I just checked it, the problem is in the function _translate_forward_models from SciPy's solver:

def _translate_forward_models(self):
"""
Translate the inverse problem's forward models as needed for this solver.
"""
logger.debug("Translate the problem's forward models")
for fwd_name, fwd_obj in self.problem.forward_models.items():
# create a full forward model from its hull where the sensors are not yet
# connected to the experimental data
forward_model_hull = self.problem.forward_models[fwd_name]
forward_model = forward_model_hull.__class__.__bases__[0](
fwd_name, *fwd_obj.args, **fwd_obj.kwargs
)
synchronize_objects(
forward_model,
forward_model_hull,
exclude_startswith=("__", "_", "experiment_names"),
)
# add the experiments to the created forward model object by connecting
# them with the respective sensors
for exp_name in forward_model_hull.experiment_names:
sensor_data = self.problem.experiments[exp_name].sensor_data
forward_model.connect_experimental_data_to_sensors(
exp_name, sensor_data
)
# this is a default preparation for increased efficiency
forward_model.prepare_experimental_inputs_and_outputs()
# finally, add the forward model to the problem
self.problem.forward_models[fwd_name] = forward_model

The other solvers currently inherit from the SciPy's, therefore they behave in the same way.
When an inverse problem is initialized, the forward model is added as an instance of ForwardModelHull class that inherits from the derived ForwardModelClass (e.g. DerivedModelClass). When the previous function is called in the solver, a DerivedModelClass is instantiated and in the last line it substitutes the ForwardModelHull class.

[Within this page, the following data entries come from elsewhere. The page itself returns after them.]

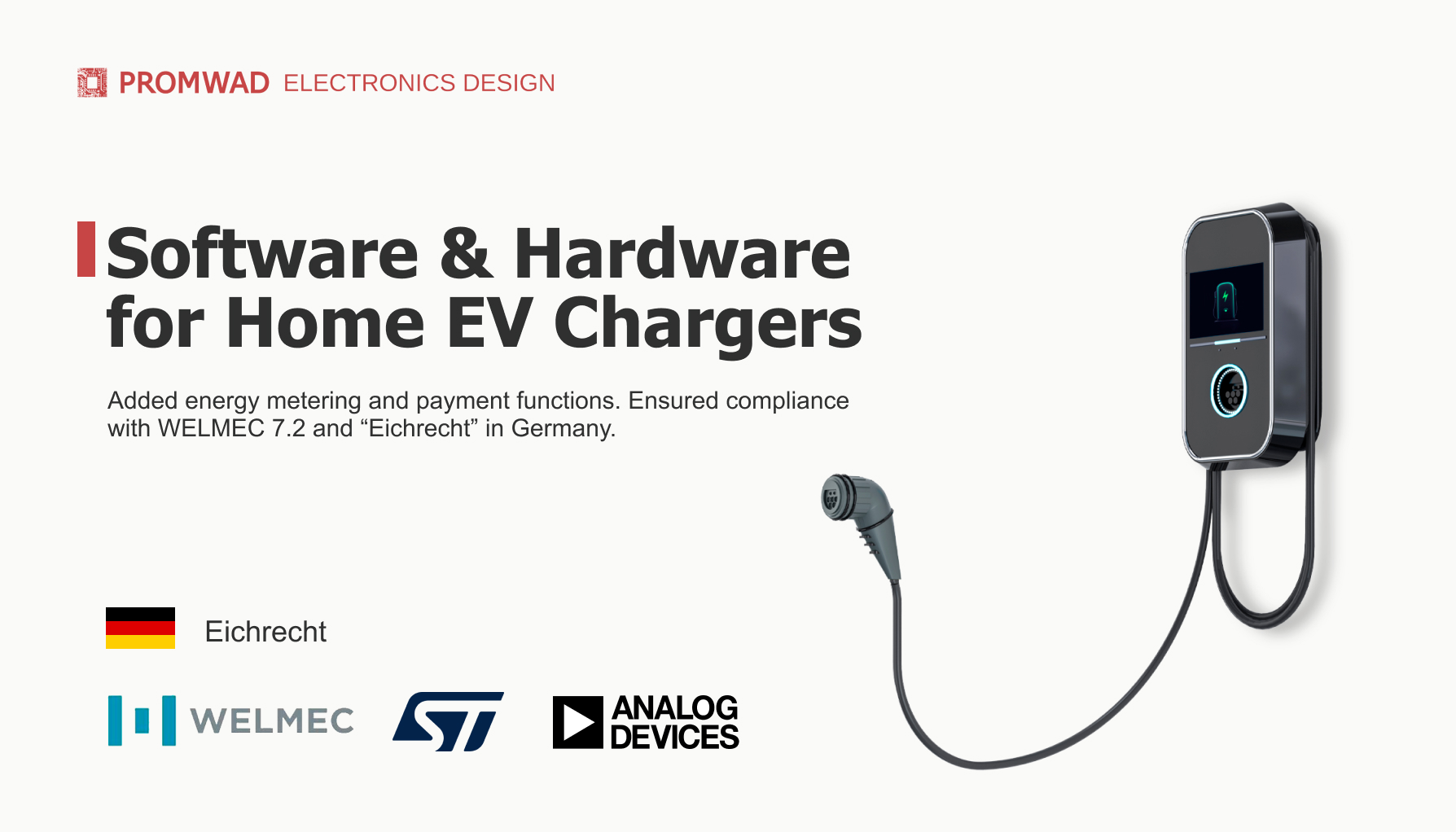 Promwad developed both software and hardware parts for the home EV charger, including:
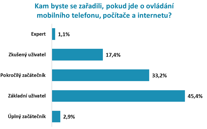 Podle nejnovějších dat projektu Neviditelní a značky Creditea si lidé ve věku 65-99 let při využívání elektroniky či internetu více věří, jen pouhá 2 až 4 % dotazovaných se považuje za úplného začátečníka co do ovládání svého telefonu, počítače či internetu. Naopak zhruba 17 % seniorů se považuje za zkušené uživatele s dobrou znalostí pokročilých funkcí a aplikací, orientují se v nastavení zařízení či internetu a umí vyřešit běžné technické problémy. Nejčastěji (44 až 47 %) se však senioři hodnotí jako základní uživatelé, kteří umí vykonávat jednoduché úkony.
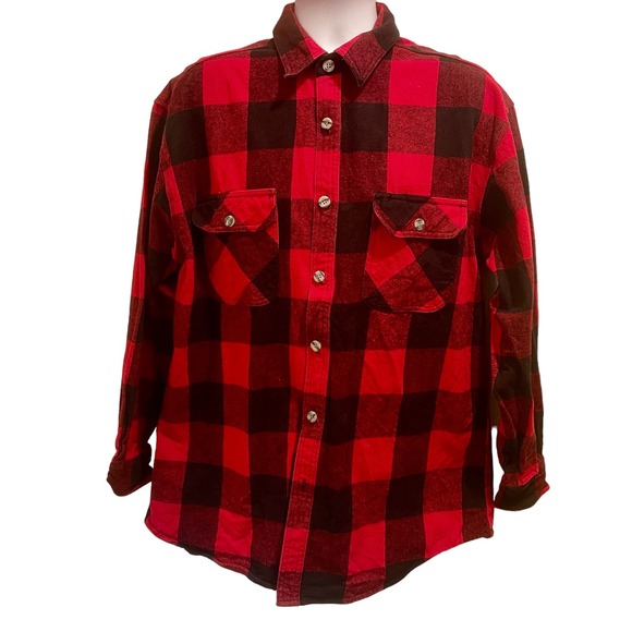 Work n Sport Heavy Flannel Shirt Button Up Men's XL Red Black 8.7.2:A-0003

self.problem.forward_models[fwd_name] = forward_model

This is possible because in lines 88-89 the function sees that the base class from the ForwardModelHull object is DerivedModelClass:

forward_model = forward_model_hull.__class__.__bases__[0](
fwd_name, *fwd_obj.args, **fwd_obj.kwargs

However, once the function is called, the forward model remains as the instance of DerivedModelClass. Here it is where deepcopy is required. At the solver level, a deepcopy of the initial problem is created (i.e. the one with a ForwardModelHull instance as forward model), therefore the original problem is not modified when the previous functions are called. In that case, every solver starts with a ForwardModelHull instance as forward model. Without the deepcopy, all the solvers share the same original problem. Only the first one will see a ForwardModelHull instance as forward model, while the others will see a DerivedModelClass. When calling forward_model_hull.__class__.__bases__[0]() they will generate a ForwardModelBase instance instead of a DerivedModelClass one. This leads to NotImplementedError: No 'interface'-method defined for forward model.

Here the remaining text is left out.